Compara dumps (Human)


  • [ ] Data dumps for ProteinTrees
  • [ ] Data dumps for ncRNAtrees
  • [ ] OrthoXML dumps for ProteinTrees
  • [ ] OrthoXML dumps for ncRNAtrees
  • [ ] PhyloXML dumps for ProteinTrees
  • [ ] PhyloXML dumps for ncRNAtrees

API/schema changes (Human)


  •  Extend genome_db table (and the corresponding API) with two extra fields (has_karyotype and is_high_coverage)
  •  Annotation of web display information in species_tree_node's instead of species_set_tags

Link from Region in Detail to individual exons (Human)

The popup menu that appears when you click on a transcript now includes a link to the Exon table if you click on an individual exon, and the exon you clicked on is shown in bold on the table. Note that this link will only appear when you are zoomed in enough for the click coordinates to clearly identify a single exon.

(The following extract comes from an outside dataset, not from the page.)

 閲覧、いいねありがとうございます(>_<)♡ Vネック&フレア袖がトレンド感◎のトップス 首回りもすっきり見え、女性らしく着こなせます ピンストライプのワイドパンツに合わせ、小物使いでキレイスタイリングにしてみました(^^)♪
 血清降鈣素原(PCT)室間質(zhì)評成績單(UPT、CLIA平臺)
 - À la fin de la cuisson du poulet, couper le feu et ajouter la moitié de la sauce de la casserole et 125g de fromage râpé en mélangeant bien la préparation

Retirement of archive 61 (Human)

This release cycle we will be retiring archive 61 (Feb 2011), in accordance with our three-year rolling retirement policy. The data will remain available on our public database server; only the web interface will be removed.

Remove read_coverage table (Human)

The read_coverage table and associated API support will be removed.

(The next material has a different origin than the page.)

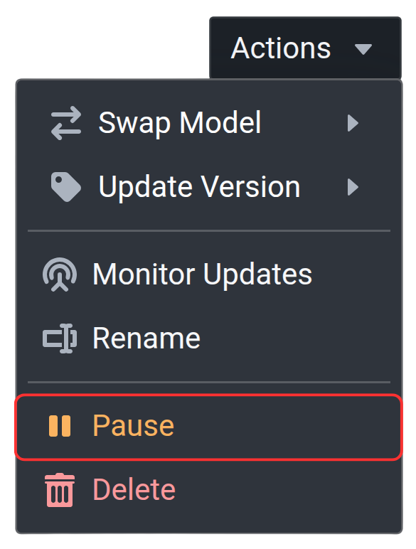 The pause and resume functionality can also be directly executed via your Outpost device card on Nexus, by selecting the corresponding buttons when clicking on the three dots.
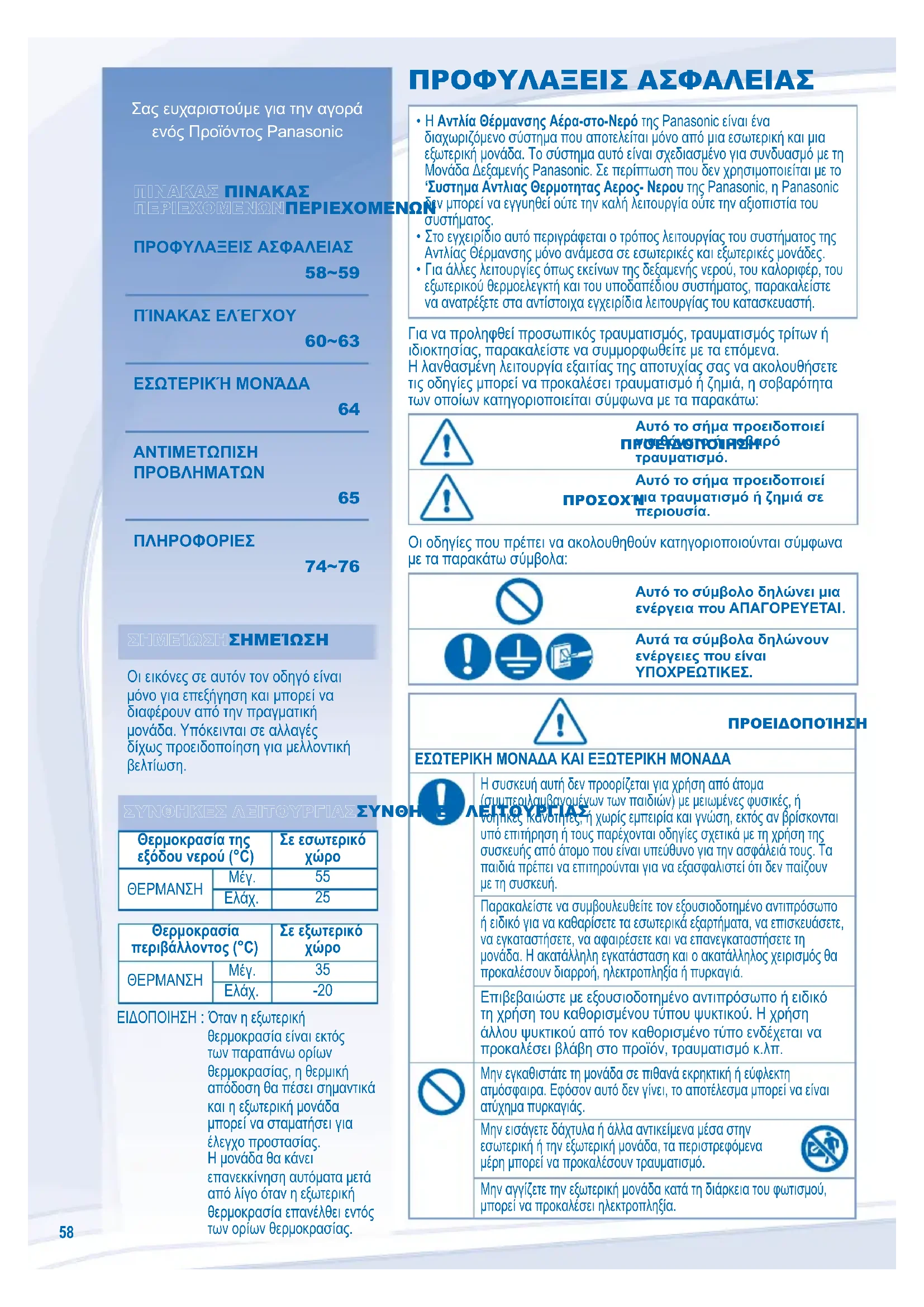 - Για άλλες λειτουργίες όπως εκείνων της δεξαμενής νερού, του καλοριφέρ, του εξωτερικού θερμοελεγκτή και του υποδαπέδιου συστήματος, παρακαλείστε να ανατρέξετε στα αντίστοιχα εγχειρίδια λειτουργίας του κατασκευαστή. ΠΡΟΦΥΛΑΞΕΙΣ ΑΣΦΑΛΕΙΑΣ Σας ευχαριστούμε για την αγορά ενός Προϊόντος Panasonic ΠΙΝΑΚΑΣ ΠΙΝΑΚΑΣ ΠΕΡΙΕΧΟΜΕΝΩΝΠΕΡΙΕΧΟΜΕΝΩΝ ΠΡΟΦΥΛΑΞΕΙΣ ΑΣΦΑΛΕΙΑΣ 58~59 ΠΊΝΑΚΑΣ ΕΛΈΓΧΟΥ 60~63 ΕΣΩΤΕΡΙΚΉ ΜΟΝΆΔΑ

There are only a few individuals across our resequencing data with read coverage data, much of which has been remapped between assemblies and may no longer be reliable.

Removing this will speed up code and clean up some of the web displays.

patch_74_75_a.sql - schema_version update in ontology db (Human)

Update schema_version in meta table to 75.

patch_74_75b.sql - longer code in attrib_type (Human)

'code' column in master_attrib_type table expanded

patch_74_75_f.sql - longer code (Human)

'code' column in attrib_type table longer

Retirement of ensembl-draw (Human)

The ensembl-draw repository has been merged with ensembl-webcode.

The files that were in ensembl-draw can now be found in ensembl-webcode/modules/Sanger/Graphics and ensembl-webcode/modules/Bio/EnsEMBL.

Documentation move (Human)

To aid internal management of git permissions, we will be moving ensembl-webcode/htdocs/info into a separate public plugin, docs. No page URLs will change, but external developers will need to enable this plugin in order to display documentation for the API, etc on an Ensembl-powered website.

ensembl-webcode directory (Human)

Web code is now stored inside the top level directory ensembl-webcode.

A new variable has been added to SiteDefs, called $ENSEMBL_WEBROOT, which has the value of "$ENSEMBL_SERVERROOT/ensembl-webcode", and is used when locating files and directories that are inside ensembl-webcode. $ENSEMBL_SERVERROOT remains unchanged.

Stable ID lookup (Human)

Stable ID lookup provided for REST services

Removal of "default action" (Human)

We have removed the web behaviour whereby invalid URLs for genomic views were silently redirected to the default view for that gene/location/etc. This was causing issues with some scripts connecting to the website, including our own selenium testing. Invalid URLs now show a custom 404 component within the standard page template.

Search enhancments (Human)

Ensembl search has a number of improvements including (i) more extensive highlighting of the search term on the results page, (ii) improved ordering of results, and (iii) better handling of non alphanumeric characters in search queries.

patch_74_75_a.sql - schema_version update (Human)

Update schema_version in meta table to 75.

patch_74_75_b.sql - transcript source (Human)

Adding the source column to the transcript table

patch_74_75_d.sql - default source for transcripts (Human)

The new Transcript source column required a default value, that is now set to ensembl.